🚀 ⓍTTS
ⓍTTS is a voice generation model that enables voice cloning across different languages using just a 6 - second audio clip, eliminating the need for extensive training data spanning countless hours. It powers Coqui Studio and Coqui API.
🚀 Quick Start
The code - base supports inference and fine - tuning. You can also try the model through the following demo spaces:
✨ Features
- Supports 16 languages.
- Enables voice cloning with just a 6 - second audio clip.
- Allows emotion and style transfer through cloning.
- Supports cross - language voice cloning.
- Facilitates multi - lingual speech generation.
- Operates at a 24kHz sampling rate.
🆕 Updates over XTTS - v1
- Added support for 2 new languages: Hungarian and Korean.
- Improved the architecture for speaker conditioning.
- Allows the use of multiple speaker references and interpolation between speakers.
- Enhanced stability.
- Improved prosody and audio quality across the board.
🌐 Languages
XTTS - v2 supports 16 languages: English (en), Spanish (es), French (fr), German (de), Italian (it), Portuguese (pt), Polish (pl), Turkish (tr), Russian (ru), Dutch (nl), Czech (cs), Arabic (ar), Chinese (zh - cn), Japanese (ja), Hungarian (hu) and Korean (ko).

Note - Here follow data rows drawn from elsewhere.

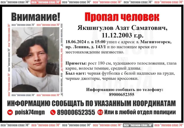 Семья тревожится, поскольку он ушел с адреса Ленина, 143/1 в три часа дня и не вернулся. До сих пор местонахождение Якшигулова остается неизвестным. Поисковые отряды опубликовали черты пропавшего: он ростом 180 см, худощавого телосложения, с карими глазами и темными волосами средней длины. В момент исчезновения он был одет в черную футболку с белой надписью, черные джоггеры и черные кроссовки.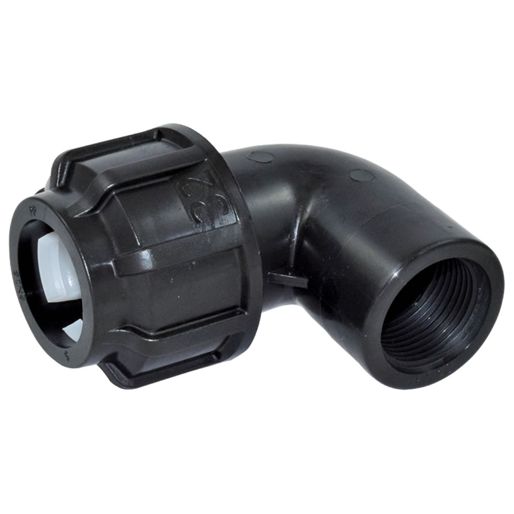 PP Winkel mit einseitigem Innngewinde zum Verbinden von PE Rohren mit einem Rohr-Außendurchmesser von 25 mm auf Gewindegröße 3/4".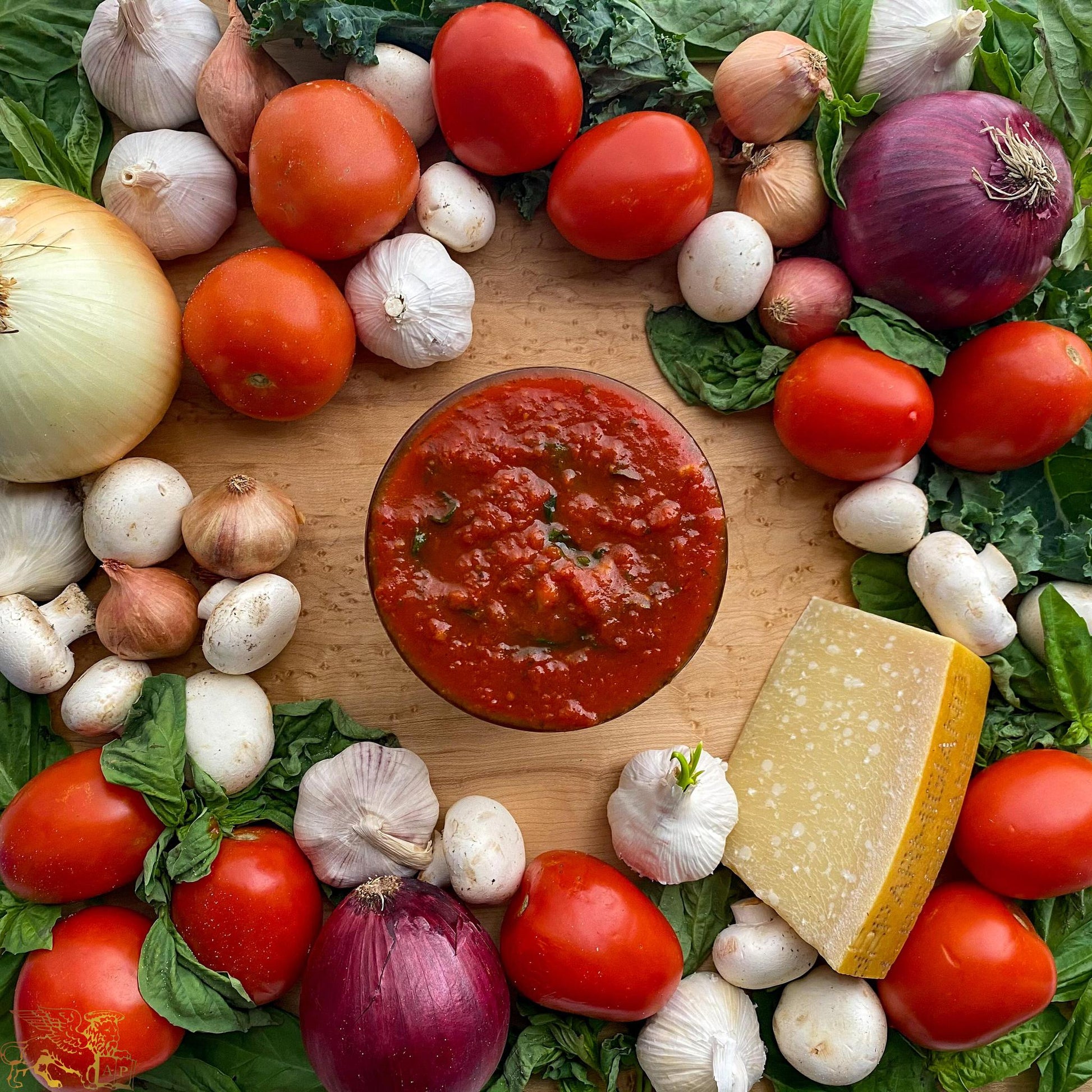Peeled tomato filets, fresh arugula, fresh garlic, olive oil, salt, pepper.

Stay tuned as we continue to add support for more languages. If you have any language requests, feel free to reach out!
💻 Usage Examples
Basic Usage
Using 🐸TTS API
from TTS.api import TTS
tts = TTS("tts_models/multilingual/multi-dataset/xtts_v2", gpu=True)
tts.tts_to_file(text="It took me quite a long time to develop a voice, and now that I have it I'm not going to be silent.",
file_path="output.wav",
speaker_wav="/path/to/target/speaker.wav",
language="en")
tts.tts_to_file(text="It took me quite a long time to develop a voice, and now that I have it I'm not going to be silent.",
file_path="output.wav",
speaker_wav="/path/to/target/speaker.wav",
language="en",
decoder_iterations=30)
Using 🐸TTS Command line
tts --model_name tts_models/multilingual/multi-dataset/xtts_v2 \
--text "Bugün okula gitmek istemiyorum." \
--speaker_wav /path/to/target/speaker.wav \
--language_idx tr \
--use_cuda true
Advanced Usage
Using the model directly
from TTS.tts.configs.xtts_config import XttsConfig
from TTS.tts.models.xtts import Xtts
config = XttsConfig()
config.load_json("/path/to/xtts/config.json")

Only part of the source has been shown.